▶ **What you have to do**
Quote the whole listing exactly. Leave the pictures out of your copy.

▶ **Recorded information**
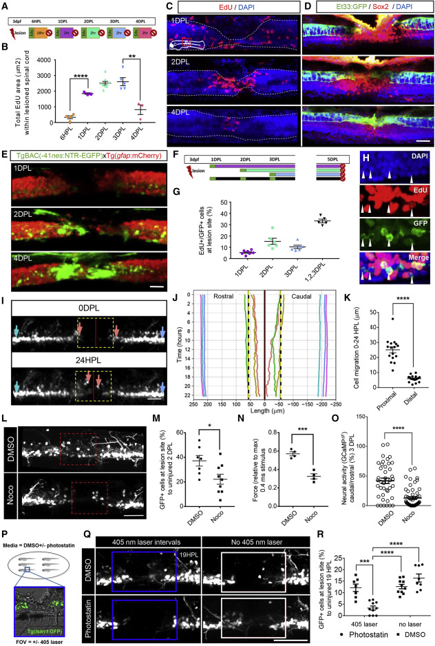 Figure 2. Tissue remodeling and regenerative neurogenesis contribute to neuronal repair after spinal cord injury in distinct temporal phases (A) Design of pulse-chase experiments; each day after injury, larvae were pulsed with EdU (1 h) and chased for the shown time. Representative images shown in (C). (B) Quantification of proliferation within the spinal cord after injury showing peak in proliferation at 2–3 DPL. (C) Representative maximum projections showing the temporal dynamics of EdU+ cells after injury. At 1DPL, EdU+ cells are located around the central canal and at 2–4 DPL, at the stumps and injury sites. The spinal cord is outlined with a white line. (D) Immunostaining showing upregulation of Sox2 along the central canal in proximal stumps at 1 DPL and injury site during 2–4 DPL (control in Figure S4). sqET33:GFP labels roof plate cells (green). Scale bar 50 μm. (E) Expression of the NSPC marker nestin after injury showing that nes:EGFP becomes detectable at the proximal stumps and at the injury site first 2–4 DPL. (F) Experimental design for the long pulse-chase neurogenesis experiment in isl1:GFP larvae. Fish were immersed in EdU for 1 h and chased until 5 DPL. (G) Quantification of EdU+/isl1:GFP+ cells (%) within the lesion site at 5 DPL. (H) Representative maximal projection of the cumulative pulse-chase. White arrow heads show isl1:GFP+/EdU− cells at the lesion site. (I) In vivo maximum projections at the lesion site in isl1:GFP at 0 and 22HPL (Video S4). Individual cells traced in (J) are shown by corresponding colored arrows. (J) Individual tracks of selected cells from time lapse in (I).The y axis represents time (H) and the x axis represents the distance along the length axis of the spinal cord relative to the lesion center. (K) Quantification of cell movement 0–22HPL showing increased recruitment of proximal cells compared with distal. n = 3–4 cells/segment/fish, n = 4 fish. Scale bar 50 μm. (L) Maximum projection images of control and nocodazole (Noco)-treated isl1:GFP fish at 2 DPL showing few cells or processes at the lesion site (red box). (M) Quantification of cells isl1:GFP+ cells at the lesion site showed a decreased number of cells after Noco treatment at 2 DPL, but Noco treatment did not alter cell proliferation (Figure S2N). (N) Quantifying force generation in SCL larvae treated with Noco compared with control 2. A 43% reduction in force production was detected in Noco-treated fish, n = 4. (O) Quantification of GCaMP6s ΔF caudal to injury at 3 DPL showed significantly reduced neural activity in fish treated with Noco. (P) Overview of the photostatin experiment. Injured larvae were immersed with 10 μM or vehicle control and exposed to 405-nm light (blue box) to activate the compound at the lesion site. (Q) Representative maximum projection images of isl1:GFP fish treated with vehicle or photostatin. (R) Quantification of isl1:GFP cells at the lesion site showing significantly reduced number of cells in the photoactivated photostatin cohort compared with controls (n = 3–9 larvae, error = SEM (standard error of the mean), ∗∗p < 0.01, ∗∗∗p < 0.001, ∗∗∗∗p < 0.0001).
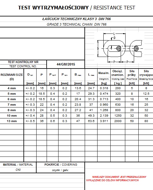 ТЕХНІЧНИЙ ланцюг 5мм KL. 3 DIN 766 - ПУНКТ 30 м
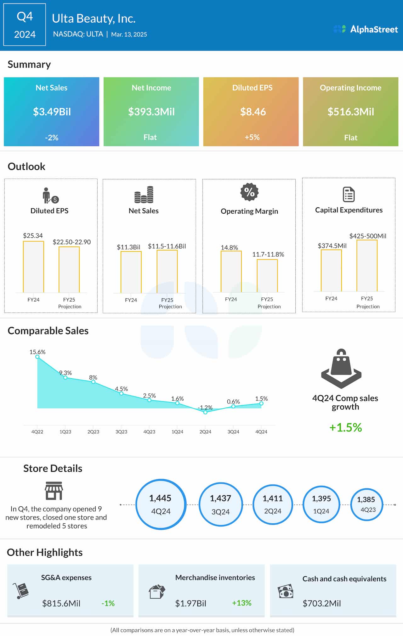 For fiscal year 2025, ULTA expects net sales of $11.5-11.6 billion and comparable sales growth of 0-1%. EPS is expected to be $22.50-22.90.

▶ **Response**
 Figure 2. Tissue remodeling and regenerative neurogenesis contribute to neuronal repair after spinal cord injury in distinct temporal phases (A) Design of pulse-chase experiments; each day after injury, larvae were pulsed with EdU (1 h) and chased for the shown time. Representative images shown in (C). (B) Quantification of proliferation within the spinal cord after injury showing peak in proliferation at 2–3 DPL. (C) Representative maximum projections showing the temporal dynamics of EdU+ cells after injury. At 1DPL, EdU+ cells are located around the central canal and at 2–4 DPL, at the stumps and injury sites. The spinal cord is outlined with a white line. (D) Immunostaining showing upregulation of Sox2 along the central canal in proximal stumps at 1 DPL and injury site during 2–4 DPL (control in Figure S4). sqET33:GFP labels roof plate cells (green). Scale bar 50 μm. (E) Expression of the NSPC marker nestin after injury showing that nes:EGFP becomes detectable at the proximal stumps and at the injury site first 2–4 DPL. (F) Experimental design for the long pulse-chase neurogenesis experiment in isl1:GFP larvae. Fish were immersed in EdU for 1 h and chased until 5 DPL. (G) Quantification of EdU+/isl1:GFP+ cells (%) within the lesion site at 5 DPL. (H) Representative maximal projection of the cumulative pulse-chase. White arrow heads show isl1:GFP+/EdU− cells at the lesion site. (I) In vivo maximum projections at the lesion site in isl1:GFP at 0 and 22HPL (Video S4). Individual cells traced in (J) are shown by corresponding colored arrows. (J) Individual tracks of selected cells from time lapse in (I).The y axis represents time (H) and the x axis represents the distance along the length axis of the spinal cord relative to the lesion center. (K) Quantification of cell movement 0–22HPL showing increased recruitment of proximal cells compared with distal. n = 3–4 cells/segment/fish, n = 4 fish. Scale bar 50 μm. (L) Maximum projection images of control and nocodazole (Noco)-treated isl1:GFP fish at 2 DPL showing few cells or processes at the lesion site (red box). (M) Quantification of cells isl1:GFP+ cells at the lesion site showed a decreased number of cells after Noco treatment at 2 DPL, but Noco treatment did not alter cell proliferation (Figure S2N). (N) Quantifying force generation in SCL larvae treated with Noco compared with control 2. A 43% reduction in force production was detected in Noco-treated fish, n = 4. (O) Quantification of GCaMP6s ΔF caudal to injury at 3 DPL showed significantly reduced neural activity in fish treated with Noco. (P) Overview of the photostatin experiment. Injured larvae were immersed with 10 μM or vehicle control and exposed to 405-nm light (blue box) to activate the compound at the lesion site. (Q) Representative maximum projection images of isl1:GFP fish treated with vehicle or photostatin. (R) Quantification of isl1:GFP cells at the lesion site showing significantly reduced number of cells in the photoactivated photostatin cohort compared with controls (n = 3–9 larvae, error = SEM (standard error of the mean), ∗∗p < 0.01, ∗∗∗p < 0.001, ∗∗∗∗p < 0.0001).
 ТЕХНІЧНИЙ ланцюг 5мм KL. 3 DIN 766 - ПУНКТ 30 м
 For fiscal year 2025, ULTA expects net sales of $11.5-11.6 billion and comparable sales growth of 0-1%. EPS is expected to be $22.50-22.90.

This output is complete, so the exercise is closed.